Having been on multiple dance floors in my personal life, it's a very rapid process of understanding whether a glance across the dance floor is accepted and that is the line that Club 77 is attempting to rule out.
Club 77 is a small beacon of representation of the global dance scene in Sydney. The venue is one of the only standalone venues who is solely dedicated to uplifting the country's electronic music community and artistry. The venue has an emphasis is on club music and the community it embraces, one that forms on the dance floor. Dance floor's are the most critical part of undergrounds dance music's history and its position in the wider music sphere, it is a melting pot of culture, politics and people, a space for anyone to engage in escapism.

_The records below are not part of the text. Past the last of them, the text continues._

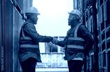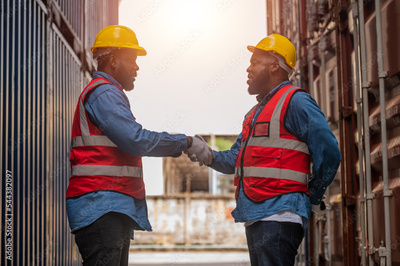 Team African American worker concept, African American worker teamwork working in warehouse containers for logistic import export, team Black man worker shake hand
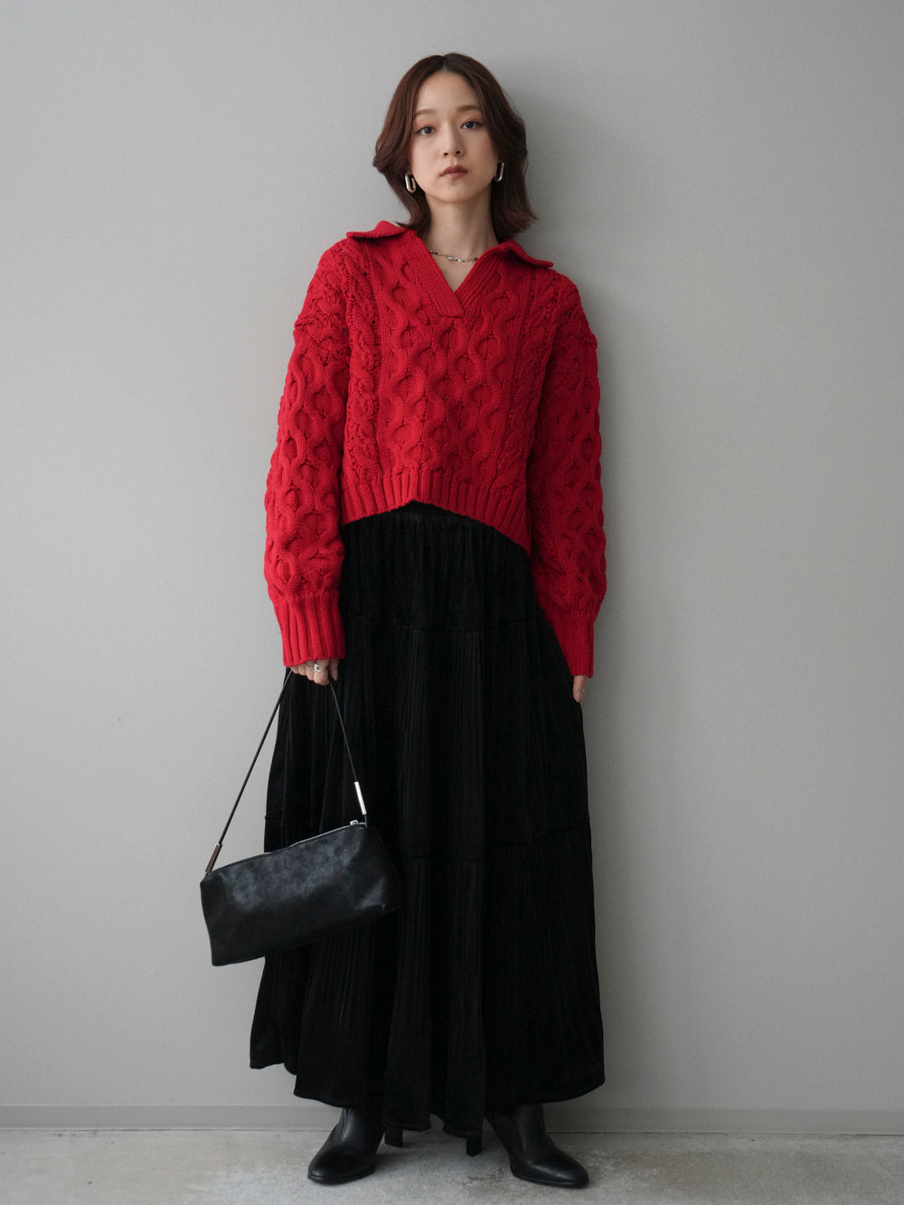 [SET]バルキーケーブルクロップド開襟プルオーバー+ベロアティアードワッシャースカート(2set)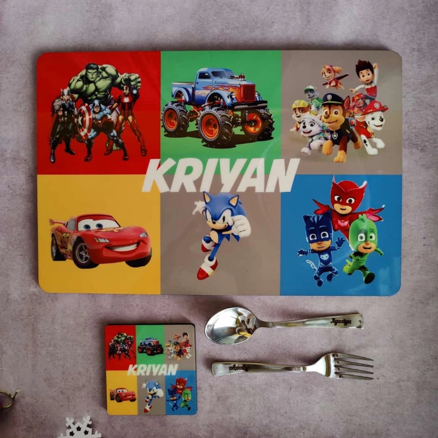 Make mealtime magical with our adorable and fun personalized dinner mat sets combo for kids!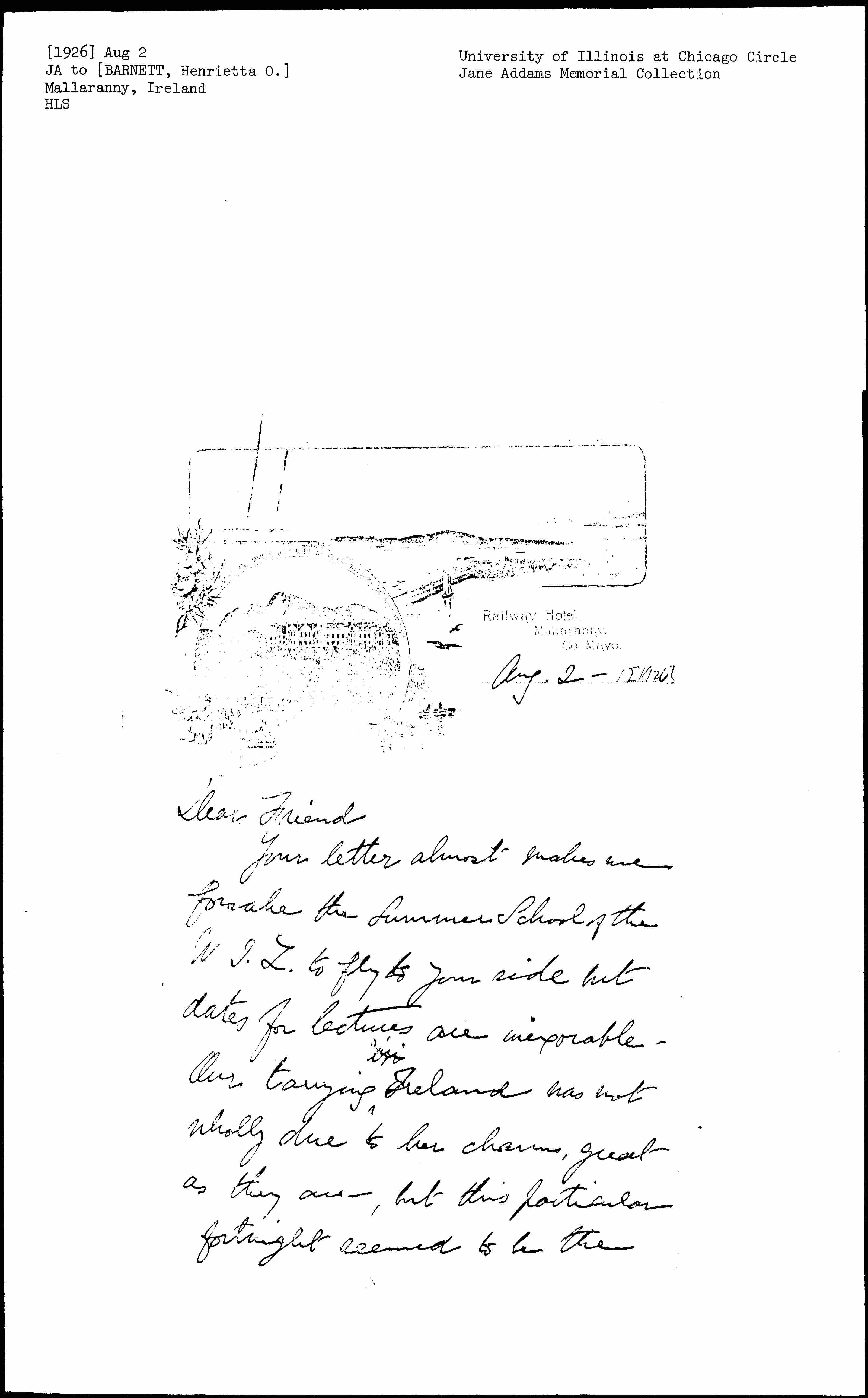 Your letter almost makes me forsake the Summer School of the W.I.L to fly to your side but dates for lectures are inexorable. Our tarrying ↑in↓ Ireland has not wholly due to her charms, great as they are, but this particular fortnight seemed to be the [page 2] only chance for recovery from the strain of the International Congress.

Club 77 ensuring that their space is safe is a critical part of developing this culture and any criticism of that is unnecessary and misunderstood.
This morning we spoke to the club's co-director Dane Gorrel in response to the media outcry against the safety policy.
“People are reading the headlines and clickbait headlines and making judgements. Realistically when you come into a venue you want to feel safe. Any unwanted attention or unwanted situation should be prevented. Whether it's a glance from across the room, if it makes people uncomfortable it's not on. The people that come into the venue need to act in a respectful way. We are a music and culture venue, and that's what we are promoting and pushing. The headlines are suggesting we are banning staring.”
“What we are about is making people feel safe in the venue. Under no circumstances should someone come into the venue and not feel safe. We’re all about making sure that any patron that enters the venue that they feel safe while they are inside. Any unwanted attention will be dealt with straight away.”
“We aren’t mucking around with this. We are trying to make the venue as safe as possible. I’m the licensee of the venue so everything falls on me personally. I have my own personal morals and values that are instilled into the business.”
“The meat behind the story is just us trying to provide a safe space.”
“At the end of the day, getting the right people in the club is the most important part of making the operation work.”
“Getting the right people in the venue, no matter how busy it is, on a Monday or a Friday night there’s no difference in our policy. Even if there’s three people there on a Monday and you get one wrong person there it can upset the entire balance for the night of those three people. We take the exact same stance.”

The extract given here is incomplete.